Seyfarth Synopsis: The New York City Commission on Human Rights released guidance clarifying the New York City Human Rights Law’s restriction on discriminating against applicants and workers on the basis of actual or perceived “alienage and citizenship status” and “national origin.” Additionally, the NYCHRL is likely to soon cover freelancers/independent contractors.
The New York City Human Rights Law (NYCHRL) prohibits discrimination, harassment, and retaliation on the basis of actual or perceived “alienage and citizenship status” and “national origin” in employment, housing, and public accommodations.
The New York City Commission on Human Rights (NYCCHR) recently issued guidance and a fact sheet clarifying that unlawful discrimination constitutes “us[ing] of the terms ‘illegal alien’ and ‘illegals,’ with the intent to demean, humiliate, or offend a person or persons in the workplace” and threatening to call federal immigration authorities - when doing so is motivated, in whole or in part, by the worker’s actual or perceived immigration status and/or national origin.
The guidance provides examples of unlawful discrimination on account of actual or perceived “alienage and citizenship status” and “national origin,” including:
- Refusing to accept a Social Security card and demanding a birth certificate from an applicant who speaks English with an accent.
- Prohibiting workers from speaking Spanish while cleaning because it would “offend” hotel guests or make them uncomfortable.

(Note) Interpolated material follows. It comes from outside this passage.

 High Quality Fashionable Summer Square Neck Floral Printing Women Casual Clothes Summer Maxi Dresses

- Prohibiting visa-holders from taking breaks during a shift, while permitting U.S. citizen workers to take breaks; and threatening not to sponsor foreign workers during the next season.
- Threatening to call U.S. Immigration and Customs Enforcement (ICE) if an employee misses work for any reason because they are an undocumented immigrant.

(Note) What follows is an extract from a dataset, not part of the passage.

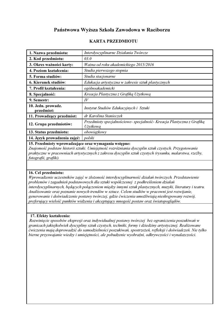 Państwowa Wyższa Szkoła Zawodowa w Raciborzu KARTA PRZEDMIOTU 1. Nazwa przedmiotu: 2. Kod przedmiotu: 3. Okres ważności karty: 4. Poziom kształcenia: 5. Forma studiów: 6. Kierunek studiów: 7. Profil kształcenia: 8. Specjalność: 9. Semestr: 10. Jedn. prowadz. przedmiot: 11. Prowadzący przedmiot: Interdyscyplinarne Działania Twórcze 03.0 Ważna od roku akademickiego 2015/2016 Studia pierwszego stopnia Studia stacjonarne Edukacja artystyczna w zakresie sztuk plastycznych ogólnoakademicki Kreacja Plastyczna z Grafiką Użytkową IV Instytut Studiów Edukacyjnych i Sztuki dr Karolina Stanieczek Przedmioty specjalnościowe- specjalność- Kreacja Plastyczna z Grafiką 12. Grupa przedmiotów: Użytkową 13. Status przedmiotu: obowiązkowy 14. Język prowadzenia zajęć: polski 15. Przedmioty wprowadzające oraz wymagania wstępne: Znajomość podstaw historii sztuki. Umiejętność rozróżniania dyscyplin sztuk czystych. Przygotowanie praktyczne w pracowniach artystycznych z zakresu dyscyplin sztuk czystych (rysunku, malarstwa, rzeźby, fotografii, grafiki) 16. Cel przedmiotu: Wprowadzenie uczestników zajęć w złożoność interdyscyplinarność działań twórczych. Przedstawienie problemów i zagadnień podstawowych dla sztuki współczesnej z podkreśleniem działań interdyscyplinarnych, będących połączeniem między innymi sztuk plastycznych, muzyki, literatury i teatru. Analizowanie oraz poznanie nowych trendów w sztuce. Celem studiów w pracowni jest rozwijanie, generowanie i doświadczenie postawy twórczej, gdzie ćwiczenia umożliwiają nieskrępowany rozwój, preferujący wielość punktów widzenia i akceptujący mnogość postaw oraz światopoglądów. 17. Efekty kształcenia: Rozwinięcie sposobów ekspresji oraz indywidualnej postawy twórczej bez ograniczenia poszukiwań w granicach jakiejkolwiek dyscypliny sztuk czystych, techniki, formy i dziedziny artystycznej. Realizowane ćwiczenia mają doprowadzić do samodzielności poszukiwań, spostrzeżeń, refleksji i doświadczeń. Nie tylko bierne przyswajanie wiedzy i umiejętności, ale pobudzenie wyobraźni, odkrywczości i wynalazczości. Ozn. Metody realizacji modułów kształcenia Opis efektu kształcenia Ma podstawową wiedzę dotyczącą wykonania prac artystycznych związanych z ich kierunkiem studiów i wybranej specjalności, Posiada wiedzę dotyczącą środków ekspresji i umiejętności warsztatowych pokrewnych dyscyplin sztuki. W Definiuje rozwój poszczególnych dyscyplin artystycznych w dziejach sztuki oraz zna publikacje związane z tematem. Orientuje się w zakresie powiązanej z technologiami stosowanymi w sztuce. Metody weryfikacji zakładanych efektów kształcenia Forma prowadze nia zajęć Odniesienie do efektów dla kierunku studiów K_W01 Miniwykłady, rozmowy dydaktyczne, ćwiczenia praktyczne Praca semestralnazestaw ćwiczeń K_W02 Pracownia artystyczna Korekta prac K_W04 K_W06 Ma świadomość zależności pomiędzy teoretycznymi i praktycznymi elementami studiów. Wykazuje się umiejętnością wnikliwej i świadomej percepcji. K_U01 Potrafi tworzyć i realizować własne wizje artystyczne oraz posiada umiejętności potrzebne do ich wyrażenia. Umie w sposób świadomy użyć narzędzi tradycyjnego warsztatu artystycznego w wybranych terytoriach działalności artystycznej jak i również użyć właściwej nowoczesnej techniki (np. techniki cyfrowej) do realizacji pracy artystycznej. U Dysponuje umiejętnościami realizacji prac plastycznych eksperymentowania w Posiada zdolność do współpracy z innymi osobami w ramach prac zespołowych (także o charakterze interdyscyplinarnym) K_U03 Miniwykłady, rozmowy dydaktyczne, ćwiczenia praktyczne Praca semestralnazestaw ćwiczeń K_U04 Pracownia artystyczna Korekta prac K_U05 K_U06 K_U07 Posiada umiejętność swobodnej wypowiedzi (ustnej i pisemnej) na temat dziedzin działalności artystycznej. K_U08 Dysponuje umiejętnością realizacji prezentacji publicznej. K_U09 Ma potrzebne wykształcenie do uczenia w zakresie edukacji artystycznej. K_U10 W różnych sytuacjach jest zdolny do efektywnego wykorzystania zdolności elastycznego myślenia, adaptowania się do nowych i zmieniających się okoliczności. K_Ks06 Potrafi obiektywnie ocenić własna prace. Potrafi być krytyczny wobec siebie i innych. K K_U02 Wykazuje się umiejętnościami efektywnego porozumiewania się oraz egzystowania w społeczeństwie, co w szczególności dotyczy pracy zespołowej w kręgu wspólnych projektów i działań. Wykazujecie umiejętnościami efektywnego komunikowania się i życia w społeczeństwie przy użyciu nowych technologii informacyjnych Miniwykłady, rozmowy dydaktyczne, ćwiczenia praktyczne Praca semestralnazestaw ćwiczeń Korekta prac K_Ks07 Pracownia artystyczna K_Ks08 K_Ks10 K_Ks 14 18. Formy i wymiar zajęć: W: Stacjonarne Ćw: Pracownia artystyczna (ćwiczenia)- 45 godz. Niestacjonarne W: Ćw: Pracownia artystyczna (ćwiczenia) 19. Treści kształcenia: Program przedmiotu zakłada indywidualne podejście do studenta i pobudzenie do podejmowania samodzielnych decyzjotwórczych poprzez kształcenie umiejętności podejmowania właściwych hierarchizacji środków. Studenci będą pracowali indywidualnie oraz w mniejszych grupach. Działania będą dokumentowane, co będzie stanowiło ważną część każdego zadania. Projekty będą poprzedzane korektami indywidualnymi i zbiorowymi Szczegółowy program zajęć Tematyka zajęć - wykłady L p. Liczba godzin ST NST Łączna liczba godzin - wykłady Tematyka zajęć - ćwiczenia L p. 1. 2. Wprowadzenie, omówienie tematyki zajęć Mini wykład konwersatoryjny na temat ruchów interdyscyplinarnych w sztuce 1 2 3. Wykonanie kolażu artystycznego poprzedzone mini wykładem na temat historii kolażu jako techniki artystycznej 6 4. Wykonanie brikolażu poprzedzone mini wykładem na temat dadaizmu i surrealizmu 9 5. Wykonanie instalacji przestrzennej poprzedzone mini wykładem oraz prez

Expansion of Employees Covered by NYCHRL
The NYCHRL’s anti-discrimination provisions apply to undocumented employees and applicants. During the hiring process, it is unlawful for employers to ask for documents that are more specific than those required by federal law, when the request is in any way motivated by discriminatory animus. Questions about work authorizations must not be posed to harass or discriminate based on someone’s alienage and citizenship or national origin.
Undocumented immigrants can file claims of discrimination with the NYCCHR and in court. Economic and emotional distress damages are available under the NYCHRL, regardless of an employee’s immigration status. Additionally, violators of the NYCHRL may face fines of up to $250,000 for each instance of willful discrimination.
Likely Expansion of NYCHRL to Include Freelancers/Independent Contractors
In short order, the NYCHRL will prohibit employers from discriminating against independent contractors and freelancers. The New York City Council passed a bill last month to include independent contractors and freelancers under the NYCHRL, which is awaiting the Mayor’s signature. The bill also expands the employee-counting period so that the NYCHRL would apply to an employer that employed at least 4 workers at any time during the twelve months before the start of the discriminatory act.
The tone of the guidance suggests a broad reading of the NYCHRL and foreshadows aggressive enforcement by the Commission. Right now is an opportune time for employers to review their compliance efforts and consider adjustments to existing policies and practices to ensure adherence to the new amendments as well as the likely expansion of coverage under the NYCHRL to include independent contractors and freelancers.